Velveteen Rabbit Sew Along Day 2: Assembling the PDF Pattern and Cutting

Hello there! Today we will be assembling our Velveteen Rabbit PDF files and cutting our fabric.

If you've missed any previous posts, here is what has come before in the Velveteen Sewalong:

Welcome and Schedule
Day 1: Fabric and Supplies

The pattern is designed to be printed on a home printer on 8.5"x11" paper. Make sure that you print the pattern at 100% (I have to turn off "scaling" on my printer). After you print, check the test square on the first page of the pattern with a ruler-- make sure it measures exactly 1 inch or 4 cm.

Some of the pattern pieces are larger than will fit on 8.5"x11" paper, so the first 4 pages need to be taped together. Match the triangles and tape together pages, matching the triangles. For a secure and accurate join between two pages trim off the margin of one page and tape it to the side that still has the margin.

Pages 5, 6, and 7 don't need to be taped because the contain smaller pattern pieces.

Before you cut, prewash your fabrics. This helps remove any residual chemicals or contaminants from your fabrics, which is important if you are planning on making a toy that a child will play with. It also prevents shrinkage when the toy is washed... although a finished stuffed toy should only be hand washed and air-dried.

After you've taped together the pattern, cut out the paper pattern pieces. Arrange your pattern pieces on your main fabric, contrast fabric, and muslin using the cutting layouts in the instructions. When I'm working with lofty fabrics like fleece or some velvets, I prefer to trace around the pattern pieces with a fabric marker and cut them out with fabric scissors. For thinner fabrics like quilting cottons and muslin, I use a rotary blade and a cutting mat.
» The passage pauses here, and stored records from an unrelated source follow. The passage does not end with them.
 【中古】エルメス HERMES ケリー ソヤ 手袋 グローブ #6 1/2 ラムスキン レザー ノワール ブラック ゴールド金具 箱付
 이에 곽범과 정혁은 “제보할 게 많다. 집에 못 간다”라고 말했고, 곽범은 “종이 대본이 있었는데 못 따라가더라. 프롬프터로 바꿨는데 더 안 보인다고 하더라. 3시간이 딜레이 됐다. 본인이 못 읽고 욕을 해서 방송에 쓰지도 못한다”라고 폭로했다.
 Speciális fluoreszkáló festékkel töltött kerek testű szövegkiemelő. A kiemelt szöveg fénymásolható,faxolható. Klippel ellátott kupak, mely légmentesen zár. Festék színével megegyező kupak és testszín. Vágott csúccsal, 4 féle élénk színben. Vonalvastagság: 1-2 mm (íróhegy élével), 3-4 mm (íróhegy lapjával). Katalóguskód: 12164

You can also cut out the heavy weight interfacing for your ears at this time using the Ear Front Inner pattern piece and the cotton muslin for the weight bags.

If you are using a velveteen or velour with nap, make sure to pay attention to the nap. The main thing is to always cut nap in the same direction, so that when you stroke your bunny, the fur will all lie in the same direction. You want to place the arrow on the pattern piece in the direction that the little hairs on the fabric want to lie down. Here's a short video I made to illustrate this:

If your fabric has stretch, you will want to underline or interface it. In the video above about nap I am making a bunny out of cotton velour, which is a knit fabric with stretch. To help the bunny keep it's shape, I chose to underline it with cotton muslin.
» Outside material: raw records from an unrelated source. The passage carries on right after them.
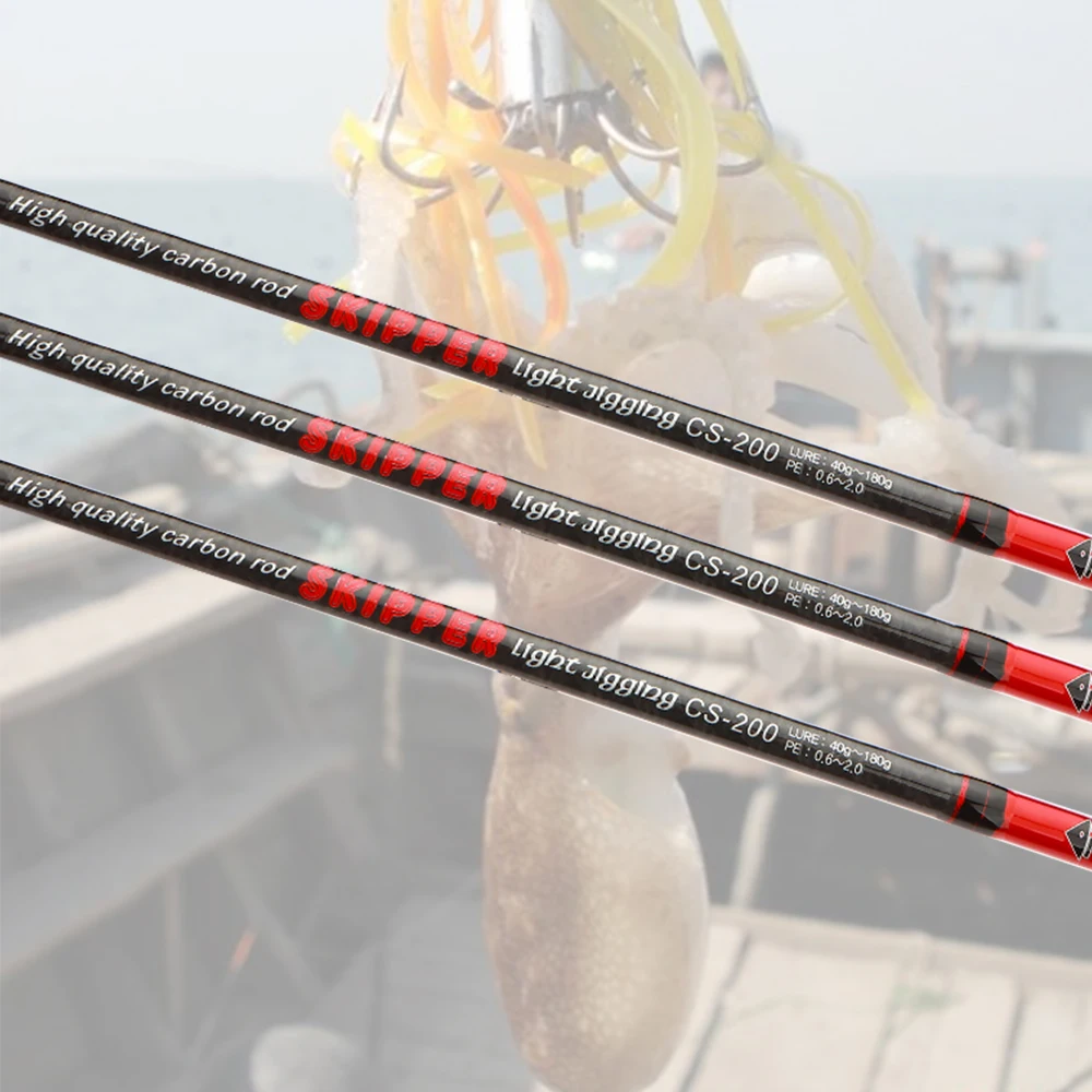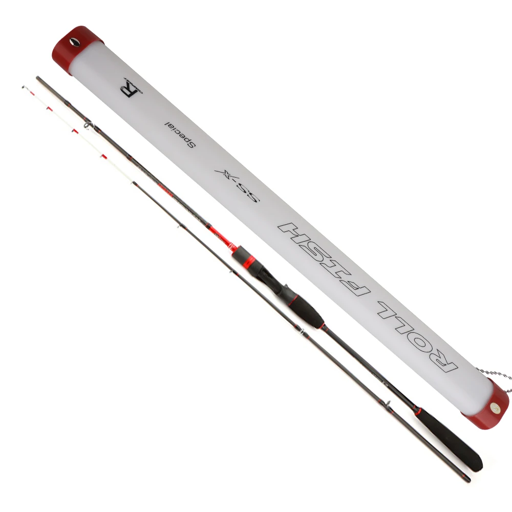 ROLLFISH-Guías giratorias de punta sólida de fibra de carbono, caña de pescar de sepia de pulpo, barco de agua salada, caña de Jigging ligera, acción 7:3 + bolsa de caña
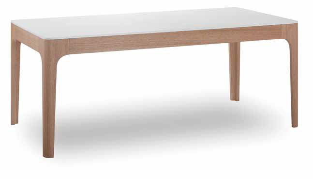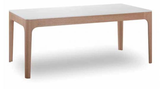 Mesa comedor MDF tapa mate blanca con paneles de chapa de roble
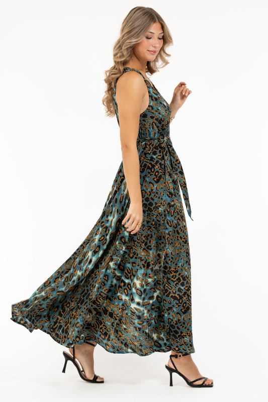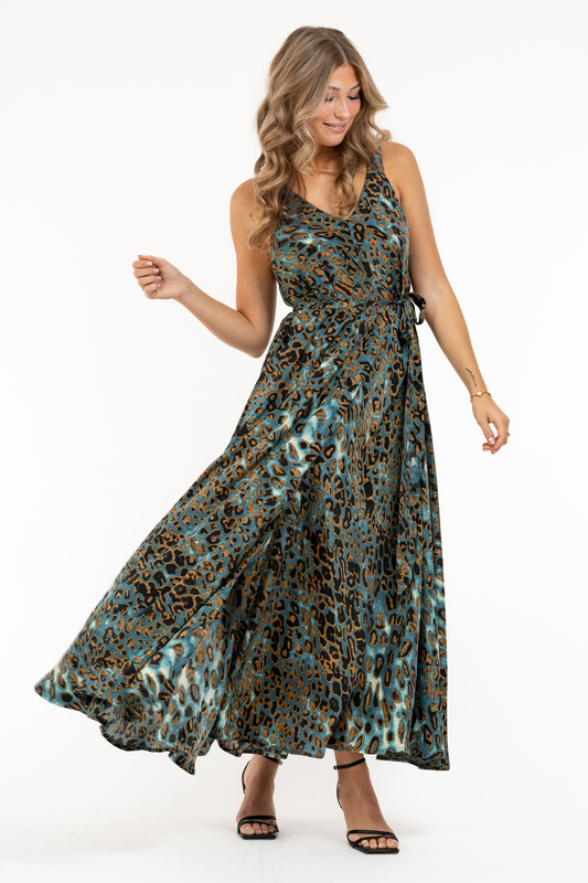 Leo inspirerat mönster i trendiga blåa toner på en kvalité med otrolig lyster, det kan inte bli bättre! Underbart ledig passform som är väl utställd redan från ärmhålet. Hög slits mitt fram och avtagbart knytband i midjan. V-ringad i halsen med ett utskuret band som ger klänningen sina axelband.
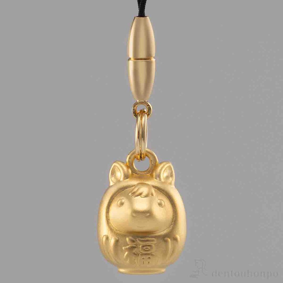 【東京銀器(金工芸)】 純金製 干支 だるま ストラップ 「午」 K24 2.5g

You might also want to underline or interface your fabric to provide additional strength. If you are making a bunny that you plan to give to a child who will potentially play with it for many years, the underlining or interfacing will make the toy better able to stand up to the tough life of a well-loved toy.

You can underline with any medium-light weight fabric-- I usually use cotton muslin. If you are interfacing, use a quality medium weight interfacing with minimal stretch. Don't trim the seam allowances on your interfacing: sewing the interfacing into the seam will add strength.

To underline or interface your fabric, cut the Body and Belly pattern pieces out of your underlining fabric or interfacing. If you are underlining, simply machine baste your underlining piece to the back of your fabric piece with a wide stitch. Keep your basting stitch just inside the 1/4 inch seam allowances. If you are interfacing, follow the instructions on your interfacing to adhere the interfacing to the back of your fabric piece.

Tomorrow we start assembling the bunny!